Auth Attacks & Defenses
Every authentication system is under constant attack. Understanding the attack landscape is not optional — it is a prerequisite for building defensible systems. This page catalogs every major auth attack vector with detection techniques, defense implementations, and real-world incident examples. Treat this as your threat model reference for authentication systems.
Attack Taxonomy
Credential Stuffing
The Attack
Attackers use credentials leaked from one breach to attempt login on other services.

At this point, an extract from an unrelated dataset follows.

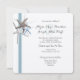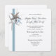 Starfish-dekorerade, tropiska bröllopsinbjudningar. Modern kvadrat papper med bruna, vita och blå havsstjärnor vid sidan. Inbjudningstexten är skriven och tryckt typsnitt, i grått färg, och är inte centrerad, med designen till lämnat. Namn och bröllop ligger i större brev, och det finns en mall för att lägga till mottagningsplatsen adress i grund.

Because 65%+ of users reuse passwords, a significant percentage of attempts succeed.
Detection Signals
| Signal | Description | Detection Method |
|---|---|---|
| High failure rate from IP | >10 failures per minute | Per-IP counter with Redis |
| Many usernames from one IP | Different emails, same IP | Track unique emails per IP |
| Known credential pair | Email+password in breach DB | Check against HaveIBeenPwned API |
| Non-human timing | Requests at perfectly regular intervals | Jitter analysis |
| Missing browser signals | No JavaScript execution, no cookies | Challenge with JavaScript proof-of-work |
| Residential proxy IPs | Attacker rotates through residential proxies | IP reputation scoring |
Defense Implementation
typescript
import { createHash } from 'crypto';
// Defense 1: Breached password check (k-anonymity model)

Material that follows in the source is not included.